Algunos pulóveres se desperezan. La pista empieza a ralear. El
dueño de casa monta guardia delante del equipo con los brazos
cruzados sobre el pecho, como los patovicas de las discotecas.
Jueves 23, 20 hs, Teatro Avenida
Un recrudecimiento del conflicto municipal obliga a suspender algunas
funciones. Felices por el franco inesperado, un par de elencos aprovechan
para ver Perséphone, de Bob Wilson y el público argentino
para pedir autógrafos. Adentro, contraste total entre la sala
y la puesta: el barroco español del Avenida contra la pureza
high tech de Wilson. Esta vez, sin embargo, todo fluye: no hay nada
que el eclecticismo estético de Wilson no pueda absorber. Esa
capacidad de asimilación es la que lo emparenta con el discurso
de la publicidad, tan hiperactual que siempre parece estar reciclando
algo del día anterior. Cosas que desfilan por mi cabeza durante
la obra: una botella de Gancia, un Alfa Romeo, un traje de Hugo Boss.

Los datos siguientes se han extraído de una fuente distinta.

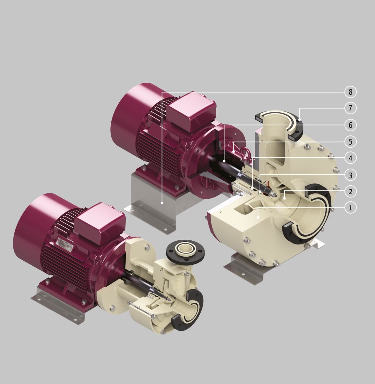 Suitable to transfer acid and basic solutions, the wet ends, are produced in thermoplastics (PP-PVDF) and O-ring in the proper elastomer material (EPDM-FPM-FEP-FFKM). Different mechanical seal solutions are available: from the lip seal to primary label seals (internal, external and double flushed) in standard version with faces in Silicon Carbide (SiC-SiC) and bellow elastomer (FPM-EPDM). The impellers installed are generally semi-open, but they are available in the closed version for hot liquids and without solids in suspension.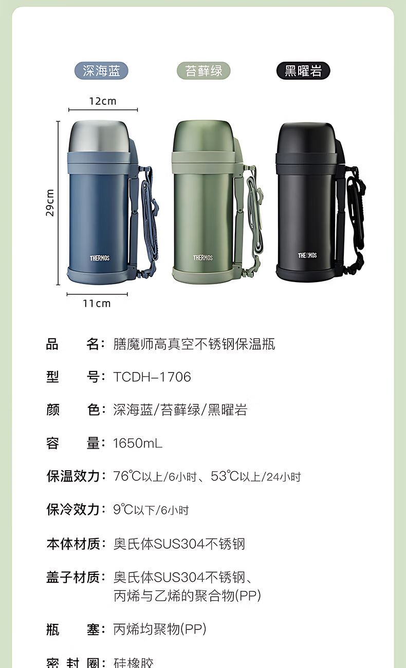 顏 色:MG苔蘚綠 NVY深海藍(lán) OBS黑耀巖 容 量:1650ml 類 型:旅行壺 定 制:可以定制 材 質(zhì):304不銹鋼 保 溫:6小時(shí)大約60°C 保 冷:6小時(shí)大約12°C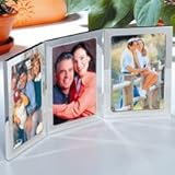 5X7 SILVER PLATED CLASSIC TRIPLE FRAME Display your precious photos in this classy triple frame! Adorned by a sleek silver border, this frame beautifully displays three of your timeless photos. Attached with hinges for different angular displays. Makes a stunning gift as well as a lovely display piece that will be cherished by anyone!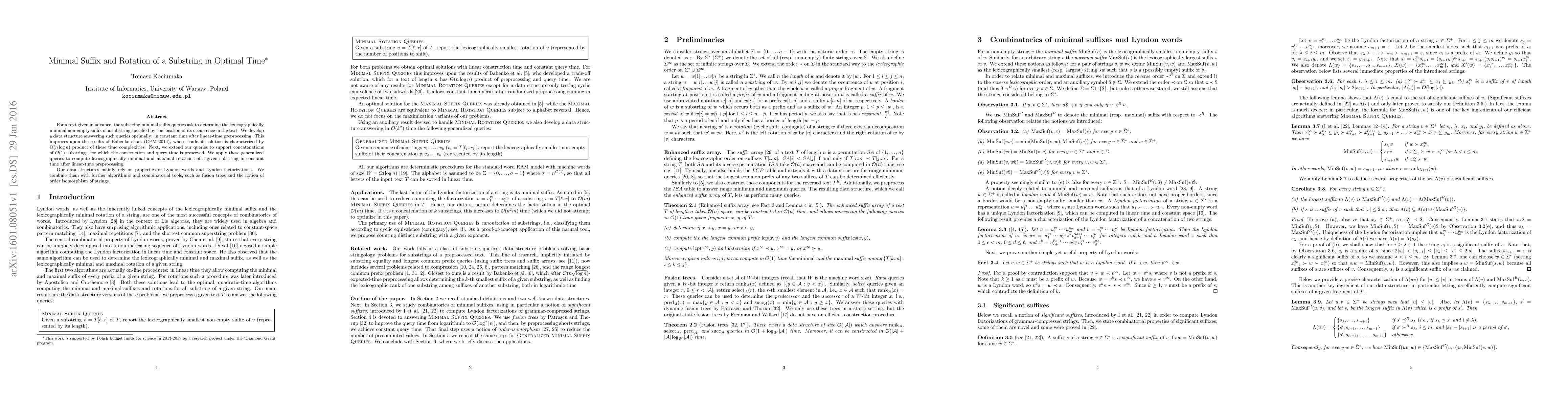This paper presents a data structure that answers lexicographically minimal suffix queries on a given text in constant time after linear-time preprocessing, improving upon previous results. It also extends the queries to handle concatenations of substrings and computes minimal and maximal rotations efficiently.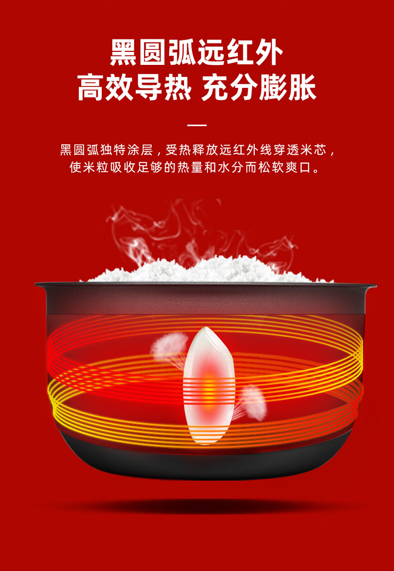 商品毛重:4.4kg; 产品尺寸:28.2*37*24.3cm 类别:家用电饭煲; 操作方式:按键式: 容量:5L; 功能:预约,蛋糕,粥,炖汤;内胆材质:黑晶;加热方式:三维立体加热; 包装清单: 电饭煲、内胆、调理盘、饭勺、汤勺、说明书、质保卡、食谱。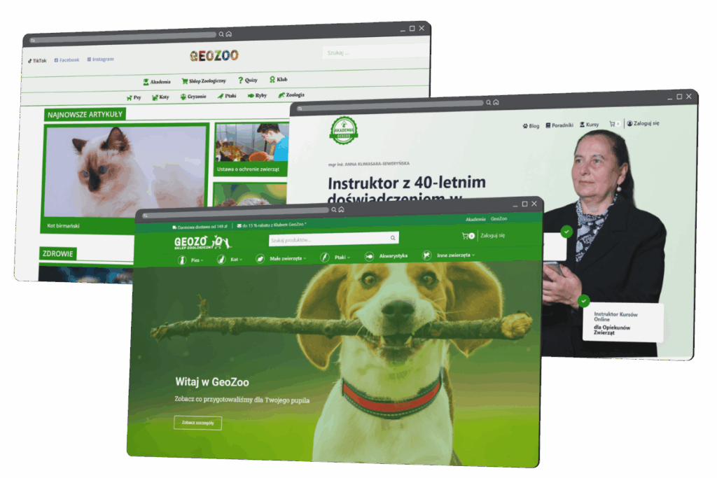 Nie jesteśmy tylko twórcami stron, jesteśmy praktykami. Od 2020 roku prowadzimy własny portal o zwierzętach geozoo.pl, który każdego dnia dostarcza użytkownikom wartościowe treści i stale się rozwija: platforma szkoleniowa, sklep zoologiczny. Dzięki temu doskonale wiemy, jak działa prawdziwy portal od technicznej strony, przez redakcję, aż po promocję i monetyzację. To właśnie to doświadczenie przekładamy na każdy projekt, który realizujemy dla naszych klientów.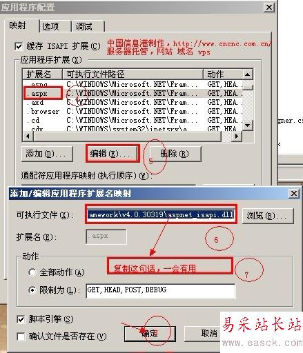 3.如右側窗口,找到 .aspx 擴展名——》編輯——》復制 可執行文件的路徑——》關閉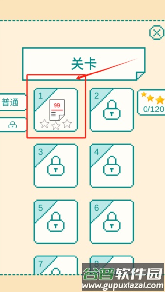 2、在关卡界面点击数字1进入第一关,左侧可查看普通模式及锁定关卡的状态。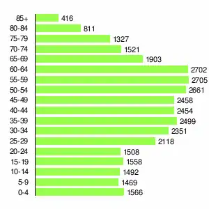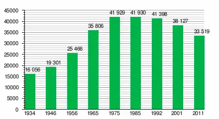 За даними перепису населення 2011 року у місті проживали 33 519 осіб.

Tengo la impresión de que si pudiera meterlas en el escenario,
todas esas cosas se freirían en el acto, como papas-bastón
en aceite hirviendo. Perséphone es pulcra y enceguecedora como
una contratapa de Vogue, y Wilson con su inconcebible alter ego
musical, Philip Glass parece ahora una versión sosegada
de Peter Greenaway. De Einstein on the beach hasta hoy, mucha agua pasó
bajo el puente de la imagen. Wilson alguna vez la usó para deshacer
el teatro, pero la imagen siguió adelante, se multiplicó,
se adueñó del mundo y deshizo a Wilson.
Domingo
26, 17 hs, Teatro Alvear
El festival agoniza. Todo el mundo se prepara para la fiesta de
cierre, a partir de las 24, en Tago Mago, una especie de carpa muy cerca
de donde se estrelló el avión de LAPA. Poca gente en el
teatro. Flota un clima de exclusividad y desazón muy parecido
al que reina en los supermercados de las ciudades balnearias la primera
semana de marzo, cuando el grueso de los turistas acaba de irse y los
repositores de mercadería aún no han llegado. Todo el
mundo espera la obra de Trisha Brown, que el programa anuncia en primer
término. Aparece una bailarina canosa que gira, se despoja de
algo de ropa, se detiene frente a un ventilador de pie y por fin se
mueve alrededor de una silla, mientras suena una voz de mujer que recita
un texto poético-filosófico. Un nuevo vistazo al programa
confirma que no es Trisha Brown sino Noemí Lapzeson, y que la
voz que se oye, tropezando en varias oportunidades con la palabra signo,
es su propia voz. Tropezón no es caída. Luego dos bailarines
una japonesa, un norteamericano ejecutan sucesivamente la
coreografía que Jennifer Müller imaginó para las
Obras Completas de Tracy Chapman. Todo tiene un aire precario y apurado,
como de valija hecha a último momento. (Idea para otra tesis
de doctorado: los bailarines son una forma de vida detenida en medio
de su evolución, cuando todavía no sabían si querían
ser peces y nadar, ser aves y volar o ser reptiles y reptar.) La tercera
es la vencida: simple, nítida, anti-seductora, la obra de Trisha
Brown, apuntalada por la música y el vestido diseñados
por Robert Rauschenberg, es un breve bloque de felicidad que sosiega
los ánimos caldeados del público. A la salida, Omar Chabán
se niega a hacer comentarios sobre el espectáculo. Prefiere derramar
elogios sobre la fiesta de cumpleaños de Javier Lúquez,
celebrada el jueves 23 en el Tatersaal del hipódromo de Palermo.
De cada tres chicas había una lindísima, dice.
Y la comida, bárbara. ¿Dónde
queda Tago Mago?, pregunta alguien con desgano.